The cost of a 2kg packet of maize flour has shot up by 25 per cent, from between Sh90 and Sh95 in January to March to between Sh110 and Sh115 depending on the brand.

This means that for every packet of maize, middlemen are sharing Sh45, which is a huge amount going into undeserving pockets in comparison to what farmers are getting for their hard work.

The Parliamentary Agriculture Committee chairperson, Adan Mohamed Noor, moved in to try and rectify the situation by bringing all players in the sector together to assess the validity of maize shortage claims.

His discovery was that the country was only experiencing an artificial shortage that had nothing to do with lack of sufficient stocks.

His findings pointed to maize millers who were conspiring with flour traders to push up the prices of maize flour by small, unnoticeable, margins.

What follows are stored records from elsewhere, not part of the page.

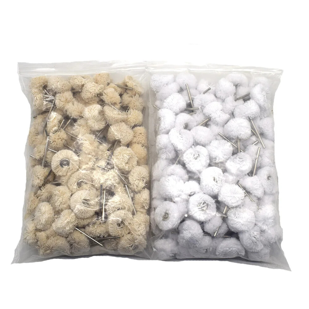 100PCS Cotton Thread Polishing Brush Buffing Wheel for Jewelry Grinding Dremel Rotary Tool Specification Color:Beige,White Shank Diameter:2.35MM
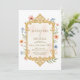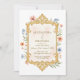 An elegant wedding invitation design featuring a vintage gold ornamental frame surrounded by soft watercolor florals in blush, peach, and blue tones. The refined layout and classic typography create a timeless, romantic aesthetic inspired by European stationery. Perfect for formal, garden, or classic weddings, this design balances luxury and softness, making it ideal for couples seeking a graceful and sophisticated celebration style.
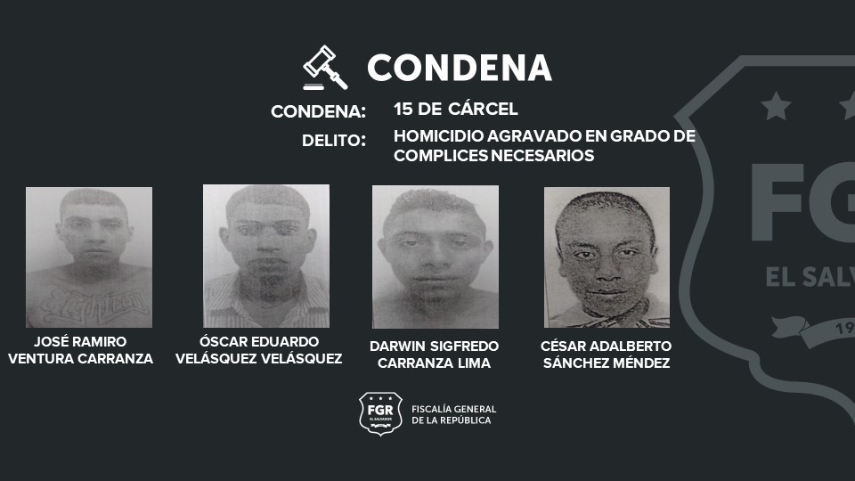 15 años de cárcel se les impusieron a José Ramiro Ventura Carranza, Óscar Eduardo Velásquez Velásquez, Darwin Sigfredo Carranza Lima, César Adalberto Sánchez Méndez, por ser cómplices en el delito de Homicidio Agravado.
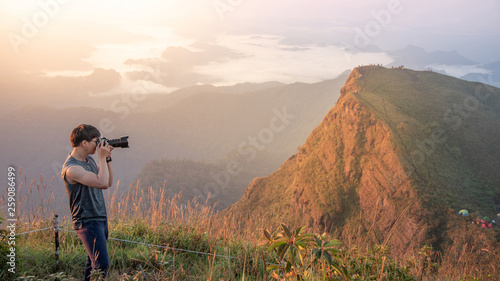 Young Asian male photographer and traveler taking photo of mountain landscape scenery during sunrise at Khao San Nok Wua in Kanchanaburi, Thailand. Travel photography concept
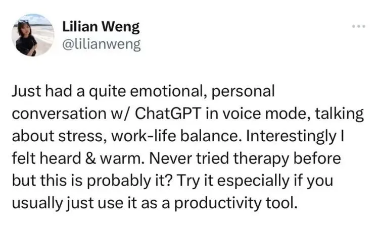 “有趣的是,我感到被倾听和温暖”,Lilian Weng在Twitter上说。她建议如果你原来只是把它当作一个生产力工具,那最好试试它细腻的一面。
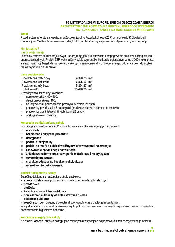 4-5 LISTOPADA 2008 VII EUROPEJSKIE DNI OSZCZĘDZANIA ENERGII ARCHITEKTONICZNE ROZWIĄZANIA BUDYNKU ENERGOOSZCZĘDNEGO NA PRZYKŁADZIE SZKOŁY NA MAŚLICACH NA WROCŁAWIU temat Przedmiotem referatu są rozwiązania Zespołu Szkolno Przedszkolnego (ZSP) w rejonie ulic Królewieckiej i Stodolnej, na Maślicach we Wrocławiu, dzięki którym obiekt ten zyskuje miano budynku energooszczędnego. kim jesteśmy? nasza wizja i misja Jesteśmy młodym biurem projektowym. Naszą misją jest projektowanie i propagowanie obiektów ekologicznych i energooszczędnych. Projekt ZSP wykonaliśmy dzięki wygranej w konkursie ogłoszonym w lecie 2006 roku, przez Zarząd Inwestycji Miejskich na szkołę z wykorzystaniem odnawialnych źródeł energii. Oddanie szkoły do uŜytku ma nastąpić w lecie 2009 roku. dane podstawowe Powierzchnia zabudowy 4 320,35 m2 Powierzchnia całkowita 6 805,23 m2 Powierzchnia uŜytkowa 5 854,27 m2 Kubatura netto 23 476,96 m3 Przewidywana liczba uŜytkowników: - uczniowie szkoły: 400-450, - dzieci przedszkolne: 100, - nauczyciele: 40 (jednocześnie przebywa w szkole 25 osób), - pracownicy przedszkola: 8 nauczycieli (na dwie zmiany) i 4 pomoce techniczne, - pracownicy administracyjni i techniczni: 22 osoby, - obsługa stołówki: 3 osoby. koncepcja architektoniczna szkoły Koncepcja architektoniczna ZSP koncentrowała się wokół następujących zagadnień: • mała skala • bezpieczna i przyjazna przestrzeń • dostępność • podział funkcjonalny • podział na strefy dla dzieci w róŜnym wieku wewnątrz i na zewnątrz • zapewnienie optymalnego doświetlenia • zróŜnicowana forma oraz rozwiązania materiałowe i kolorystyczne • otwartość przestrzeni • charakter edukacyjny i edukacja ekologiczna • wysoki komfort uŜytkowania. podział funkcjonalny szkoły Zespół podzielono na następujące strefy uŜytkowe: - szkoła podstawowa, podzielona na strefę dzieci młodszych i starszych - przedszkole - stołówka - świetlica szkolna i środowiskowa - pomieszczenie dla rady osiedla i straŜnika osiedla - biblioteka publiczna - zespół sportowy, złoŜony z dwóch sal sportowych wraz z zapleczem sanitarnym. Wszystkie strefy uŜytkowe dostosowane są do potrzeb osób niepełnosprawnych i są wyposaŜone w odpowiednie pomieszczenia-higieniczno sanitarne. koncepcja energetyczna szkoły Na etapie koncepcji przyjęto następujące rozwiązania wpływające na poprawę bilansu energetycznego obiektu: anna bać i krzysztof cebrat grupa synergia niskie zapotrzebowanie na energię ograniczenie strat ciepła niski współczynnik U dla przegród zewnętrznych odnawialne źródła energii: kolektory słoneczne dolne źródło ciepła w postaci pomp ciepła lub wymiennika ciepła w kolektorze ogólnosanitarnym zyski solarne: podwójna fasada szklana akumulacja ciepła masywne ściany wewnętrzne naturalny system wentylacji wspomagany wywiewem z rekuperacją ciepła ogrzewanie powietrzne. W rezultacie zrezygnowano z podwójnej fasady szklanej oraz zastosowano wyłącznie mechaniczny system wentylacji. W obiekcie ZSP osiągnięto jednostkowy wskaźnik zuŜycia energii E na poziomie poniŜej wartości 45 kWh/m2 na rok, co klasyfikuje go do obiektów energooszczędnych. Jest to moŜliwe dzięki redukcji rocznego zuŜycia energii przy uŜyciu następujących rozwiązań: - zaprojektowaniu budynku w sposób umoŜliwiający maksymalne wykorzystanie energii słonecznej, - zastosowaniu materiałów przegród zewnętrznych o przepuszczalności cieplnej obniŜonej w stosunku do wartości normatywnych, wartość średnia U [W/m²K] dla przegród zewnętrznych wynosi: podłóg na gruncie 0.28 stropodachu 0.156 ścian zewnętrznych 0.152 fasad szklanych 1.7 - ograniczaniu występowania mostków cieplnych zwłaszcza w sposobach mocowania okien, - zastosowaniu odnawialnych źródeł energii dla pokrycia ponad 90% potrzeb grzewczych obiektu, - wykorzystaniu pomp ciepła gruntowych i powietrznych, - wykorzystaniu energii słonecznej do podgrzania ciepłej wody uŜytkowej w 52% w cyklu całorocznym zapotrzebowania ciepłej wody dla przedszkola i 35% - dla szkoły, - ograniczeniu strat ciepła na niekontrolowanej wentylacji przez zastosowanie wentylacji mechanicznej, - zastosowaniu odzysku energii z powietrza wywiewanego, - regulację eksploatacji systemu instalacyjnego przez BMS, - zapewnienia światła dziennego w przewaŜającej większości pomieszczeń. W okresie letnim pompy ciepła zapewnią moŜliwość ochładzania powietrza nawiewanego do pomieszczeń i tym samym poprawiony zostanie mikroklimat obiektu. system BMS Na szczególną uwagę zasługuje system BMS, którego zadaniem jest nadzorowanie systemów instalacji, ograniczenie zuŜycia energii i podnoszenie komfortu uŜytkowania. Jest to moŜliwe przez sterowanie: - lokalnych źródeł energii odnawialnej, - instalacji kształtowania klimatu (wentylacja i ogrzewanie), - systemów sterowania oświetleniem elektrycznym, - układami przygotowania c.w.u (układy solarne i elektryczne), - instalacjami dozorowymi i bezpieczeństwa (p.poŜ., wykrywania włamania, kontroli dostępu). Istnieje moŜliwość zarządzania całym budynku z jednego miejsca oraz usługa gromadzenia i przetwarzania danych pomiarowych z systemu dla późniejszej analiz techniczno-ekonomicznych. System wizualizacji pracy urządzeń i prezentacji będzie wykorzystywany zarówno do bieŜącej obsługi budynku jak i do celów edukacyjnych i prezentacji energooszczędnych rozwiązań. koncepcja ekologiczna szkoły Priorytetem projektowym w obiekcie było takŜe zastosowanie rozwiązań proekologicznych takich jak: wykorzystanie wody deszczowej do podlewania trawników i zbiorników retencyjnych zaprojektowanie zielonych dachów zastosowanie materiałów o niskim bagaŜu ekologicznym W rezultacie w projekcie zastosowano podziemne zbiorniki na wodę deszczową, która jest wykorzystywana do podlewania trawników. anna bać i krzysztof cebrat grupa synergia
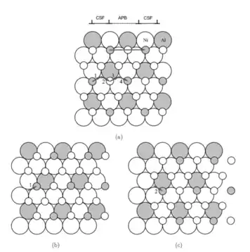 Antiphase domains carry with them a surface energy penalty when compared to the perfect lattice due to their chemical disorder, and the presence of these boundaries impedes dislocation motion throughout the crystal, leading to increased strength under shear stress. Figure 3 below shows the process of an edge dislocation propagating through an ordered particle. As the dislocation moves throughout the particle, lattice planes are displaced from their equilibrium configuration, and A-A bonds and B-B bonds are formed throughout the slip plane. This forms a higher energy state than when compared to the equilibrium A-B bonding configuration, and the change in energy is called the anti-phase boundary energy (APBE). This can increase the degree of strengthening created from precipitation hardening, making it more difficult for cutting to occur, and instead increasing the likelihood of Orowan bowing around the precipitate.[1]
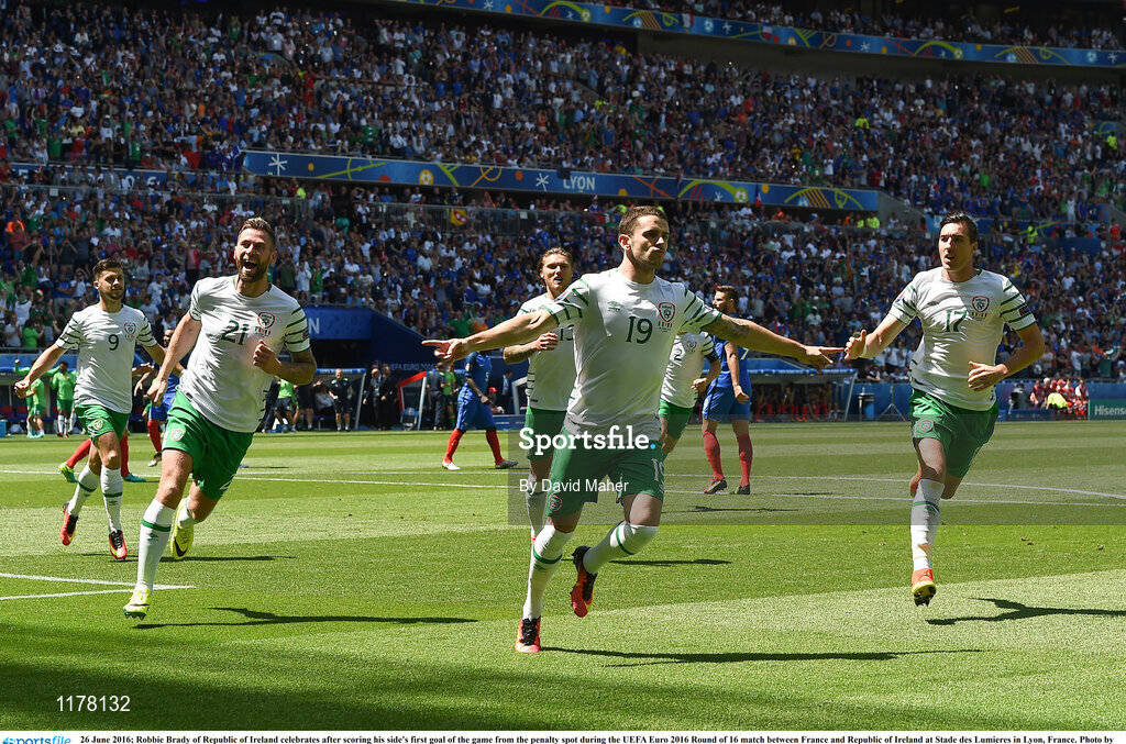 26 June 2016; Robbie Brady of Republic of Ireland celebrates after scoring his side's first goal of the game from the penalty spot during the UEFA Euro 2016 Round of 16 match between France and Republic of Ireland at Stade des Lumieres in Lyon, France. Photo by David Maher/Sportsfile

The fact that Government had also released one million bags through the National Cereals and Produce Board (NCPB) and only 300,000 bags were bought by millers was another indicator.

According to the Economic Survey 2016, the value of marketed maize shrunk by 11.4 per cent from Sh9.6 billion in 2014 to Sh8.5 billion last year mainly due to lower prices paid to farmers. But this problem is projected to continue if the cartels are not put in check.

Many farmers are now turning to other crops that can give them returns. Further, rain-fed agriculture has become tricky due to changing weather patterns; hence farmers have resolved to venture into dairy production.

As such, creation of markets for the farmers is the surest way to destroy cartels.